As far as consumer awareness, problems often surface quickly without any warning. Issues considered common practice in an industry can attract negative publicity and drive change, whether it’s warranted or not. Williams points to last year’s pink slime controversy, when the U.S. ground beef industry was forced to change a common practice — the use of processed meat byproduct in ground beef — even though the U.S. Department of Agriculture deems it safe.

“I think that we in the food business have to remember the average person is getting further and further removed from the actual process of food. That divide can lead to problems,” says Williams. “Those problems can be customers not understanding the reason for escalating costs or industry practices that are common but they feel need to be stopped. I think the retailer’s role is to serve as an advocate for consumers and at the same time not push the suppliers so far that they no longer have a sustainable model, either financially or environmentally.”

In fact, BJ’s is getting more customer inquiries about farmed seafood, especially its origin and the good vs. the bad. But educating customers who know little to nothing about aquaculture can be challenging, Williams admits, especially since BJ’s has no full-service seafood counter staff and tries to avoid “sign pollution,” or too much point-of-sale signage.

“We use full-page stories in our quarterly ‘BJ’s Journal’ mailer as well as in our in-club radio program to help explain the program to our members. We also use our website and social media to tell the same story — that everything we source meets our sustainable seafood policy and that the benefit of membership is that we do the work for them,” Williams explains.

Williams is also trying to look differently at how BJ’s markets seafood to its customers, who pay U.S. $50 or more a year to be members. Williams has shifted his focus away from “the next big species” and toward educating consumers on preparation methods and the flavor and texture profiles of the different categories of seafood, whether it’s whitefish, oily fish like salmon or shellfish.

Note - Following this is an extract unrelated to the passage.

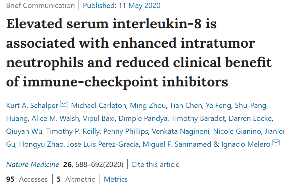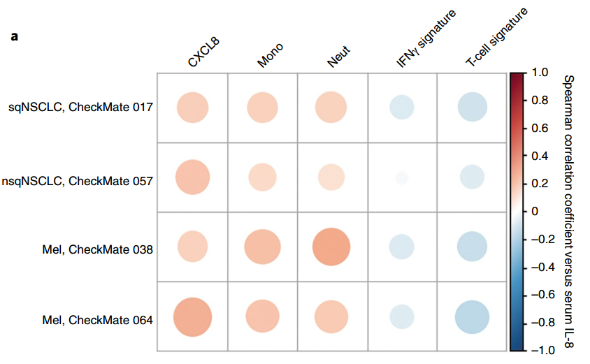 免疫治疗可以说是肿瘤治疗的一场翻天覆地的革命,它改变了诸多癌种的治疗范式,但是并不是所有的患者都能够从免疫治疗中受益,而到底哪些患者敏感、哪些患者耐药,则需要寻找有效的生物标志物来预测。 关注免疫治疗的读者想必此时该会心一笑,这应该算个老大难问题了。PD-L1水平、肿瘤突变负荷(TMB)等等标志物已经有一些研究支持,但是至今我们还没有一个预测效果好、又方便测定的标志物。 近期,《自然医学》杂志背靠背发表了两项研究,提出了一种新的预测标志物,血浆白介素-8(IL-8)水平!两项研究分别回顾了有关PD-1抑制剂和PD-L1抑制剂的临床研究,分析了近3000名患者,发现基线IL-8水平与预后不良显著相关[1,2]! 进一步分析显示,高IL-8水平与更高的肿瘤嗜中性粒细胞/单核细胞浸润、更差的T细胞功能、更弱的抗原递呈有关。 一方面,IL-8水平可以作为免疫治疗受益人群的标记物;另一方面,以高IL-8表达作为靶点,开发新的治疗方法,或许是免疫检查点抑制剂耐药的一个关键破局点。 高IL-8水平与免疫抑制细胞肿瘤浸润、T细胞功能不良、患者预后更差有关 IL-8是一种细胞因子,有CXCR1和CXCR2两个受体。IL-8由单核细胞、内皮细胞和各种上皮细胞产生,参与感染反应、炎症反应和癌症发生[3]。IL-8可以招募嗜中性粒细胞,刺激血管生成和肿瘤细胞的增殖,此前研究也有发现,较高的IL-8水平与肿瘤分级/分期更晚、肿瘤负荷更高有关[3,4]。 但是,IL-8与免疫治疗预后之间的关系,尚且还没有在大规模的临床研究中得到证实。 第一篇论文来自耶鲁大学医学院、百时美施贵宝等多家机构和企业的研究人员。研究团队通过回顾分析四个随机的3期临床试验,评估了血清IL-8水平对晚期癌症患者抗肿瘤预后的影响,并研究了血清IL-8水平与已知的免疫治疗生物标记物(例如PD-L1和TMB(肿瘤突变负荷))之间的关联以及肿瘤的免疫状况。总共纳入了4项3期临床研究,CheckMate 067(黑色素瘤)、CheckMate 017(鳞状非小细胞肺癌)、CheckMate 057(非鳞状非小细胞肺癌)和CheckMate 025(肾细胞癌),调查了1344名患者的血浆IL-8水平。 总的来说,有27.1%-34.3%的患者基线血浆IL-8水平≥23pg/ml,这部分患者明显总生存期更短。影响最严重的还要数在CheckMate 067研究中采用PD-1+CTLA-4双免疫治疗联合的黑色素瘤患者,高IL-8与低IL-8水平患者之间的生存风险比竟然超过3倍。 不过,IL-8与预后的负相关也不仅限于双免疫这一组,免疫治疗单药、双药、与mTOR抑制剂依维莫司联用或与化疗多西他赛联用,都表现出了这一相关性。 另外,分析结果显示IL-8水平和PD-L1表达相关性很低,可以认为IL-8对生存的影响是独立的。 高IL-8水平患者OS更短 为了进一步评估IL-8的作用,研究者们还分析了血浆IL-8水平、肿瘤关键免疫转录物质的表达以及循环免疫细胞群之间的关系。血浆IL-8水平与肿瘤中CXCL8基因表达、嗜中性粒细胞/单核细胞计数呈正相关。肿瘤中IL-8的水平则与肿瘤中IFN-γ、T细胞浸润相关转录负相关。 这说明,IL-8存在对适应性免疫的抑制作用,影响抗原递呈和效应T细胞的抗肿瘤活性,肿瘤来源的IL-8还与免疫耐受髓样细胞浸润有关系。 红色表示正相关,蓝色表示负相关 大小表示相关性强弱 第二项研究关注的则是PD-L1抑制剂,纳入了3项临床研究:IMvigor 210(转移性尿路上皮癌,2期)、IMvigor 211(转移性尿路上皮癌,3期)、IMmotion 150(转移性肾细胞癌,2期)。研究分析了所有1445名患者的血浆IL-8,还进一步评估了肿瘤及外周血单核细胞的RNA表达。 与第一项研究结果类似,IL-8水平较高同样与较差的预后有关。另外,这项研究中有一个小小的新发现,虽然在统计学上没有显著差异,但是血浆IL-8水平对免疫治疗单药组的影响似乎比联合用药组更加明显。 高IL-8水平患者预后更差(局部) 研究者进一步对5名响应免疫治疗的患者和5名耐药患者的外周血单核细胞亚群进行了RNA测序。 IL-8在髓细胞中表达更高,且与响应免疫治疗的患者相比,耐药患者体内产生IL-8的髓细胞和淋巴细胞比例更高,IL-8水平也更高。在IL-8高表达的髓细胞中,炎症基因表达更高,与抗原递呈相关的基因,比如人类白细胞抗原(HLA)和IFN-γ诱导基因都有所下调。 同样的,研究者也发现,IL-8也存在对T细胞功能的抑制。在低IL-8水平的患者中,CD8+T细胞活化标记表达水平更高。这表明高IL-8很可能导致对抗肿瘤免疫的抑制,而靶向IL-8则是破解免疫治疗耐药的一种潜在方法。 响应免疫治疗和耐药患者之间IL-8表达存在显著差异 总结一下,这两项研究提出,IL-8可能是免疫检查点抑制剂耐药的驱动因素。除了对直接执行抗肿瘤免疫的T细胞的影响之外,免疫抑制性髓细胞的浸润也是关键。 寻找免疫治疗预后标志物是长期以来科学家们的努力方向,血浆IL-8水平则为我们提供了一个新的可靠的、容易测量的选择。当然,这还需要前瞻性研究的进一步验证。 在两篇论文来的最后,研究人员都提出了可开发靶向IL-8的癌症候选药物的观点。 希望免疫治疗越走越好。

“I think it is very hard to develop new species because people are generally hesitant to try them. I think the future holds easier preparation methods and more versions of many of the species we already have,” Williams says. “When you look at chicken they didn’t introduce new birds, they introduced ways to make it more consistent and easier to prepare. So seafood may see more value add, more individual packaging and more ready to eat, I think that is how you make it easier consumers to substitute seafood for other proteins.”